Recently I was in my office, with a lot to do, including write a column, when I got a phone call informing me that the electric company had cut off my power.
Years ago, I would have responded to this petty annoyance with a pointless, immature outburst of anger. But since then I have learned that stress management is vital to health. So I hung up the phone, took a deep breath, then punched my desk so hard that I could not make a fist for three days.
Then, using my other hand, I called the electric company, which has one of those automatic call-routing systems, wherein you must use your touch-tone phone to pass a lengthy multiple-choice test (" . . . if you know your first name but not your last name, press . . . "). This is the electric company's way of testing your worthiness as a customer; it's similar to the way knights of old had to prove themselves by slaying dragons, except that instead of winning the hand of a fair maiden, you get put in line to speak with an actual Customer Service Representative.
While waiting, I kept my stress level down by calmly going over the points I planned to make, as follows:
1. You stupid idiots.
2. Give me back my electricity this instant.
3. What are you people using for brains?
While I was refining these points, a Customer Service Representative came on the line and immediately irritated me by being polite. She explained to me that my electricity had been turned off because -- get a load of this excuse -- I had not paid my bill.
I was furious. The only thing that prevented me from hiring the entire O. J. Simpson defense team and suing the electric company for every last volt it owns was the realization that I had not, in fact, paid my electric bill. You know how you sometimes make a pile of papers that you Definitely Have to Get to Soon, and then you avoid making eye contact with the pile for several weeks, secretly hoping that a giant comet will strike the Earth and you won't have to deal with it?
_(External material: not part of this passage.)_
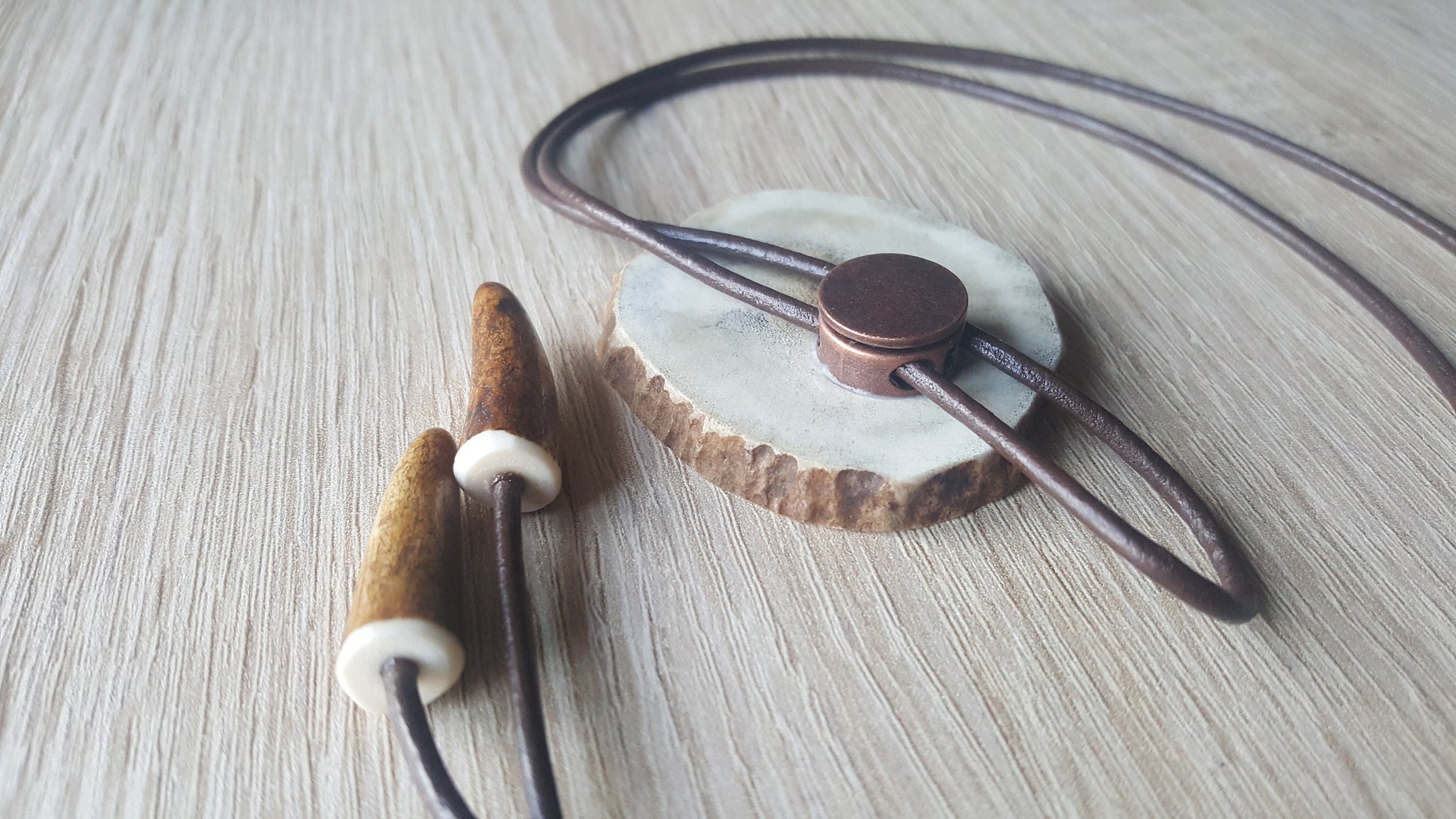 Unique necklace with statement pendant from deer horn and long leather strip.

My electric bill was in a pile like that.
The irritatingly polite woman told me that they could turn my electricity back on that day, but only if I paid the bill in person before 2 p.m. She told me to pay at a drugstore near where I live. (I don't know why she didn't have me pay at the electric company; probably they don't want anybody to find out their secret method for generating electricity, which I suspect involves a carpet being scuffed by a giant pair of mechanized shoes.)
So I had to rush home to get my electric bill, and naturally my car chose that exact moment to be low on gas, so I had to stop at one of those all-purpose gas stations that also sell beer, cigarettes, magazines, hats, beef jerky and hot dogs the same age as Strom Thurmond. Naturally I wound up standing in line behind some moron who was investing his family's grocery money in some kind of state lottery transaction so complex as to require the full attention of all three store clerks for about 15 minutes, during which time I controlled my stress level by staring laser holes into the back of the moron's neck.
So as you can imagine I was feeling very nonstressed when, with 2 p.m. rapidly approaching, I finally got back out onto the highway and immediately got stuck in severe traffic behind a driver with ears the size of pie plates who had just this moment arrived here from the year 1937 and had therefore never seen a left-turn arrow.
You could see him studying it, trying to figure it out -- A green arrow! Pointing left! Here in the left-hand lane! Whatever could it mean? -- while those of us behind him controlled our stress levels by pounding our horns.
Finally, with only minutes to go, I got to the drugstore and found myself at the end of a long, Soviet-style line of people paying their utility bills in cash, which they pulled out of their wallets one dTC dollar at a time in slow motion, pretending that they couldn't hear my brain shrieking at them hurry up, you fools but of course they knew exactly what they were doing because they were all part of the plot, along with the electric company and the big-eared driver and the lottery moron and the black federal helicopters constantly monitoring my movements, all of them working together to raise my stress level but I know what they're trying to do and it's not going to work hahahahahahahahaha hey get away from me you
Editor's note: There will be no Dave Barry column this week. Dave is taking the week off.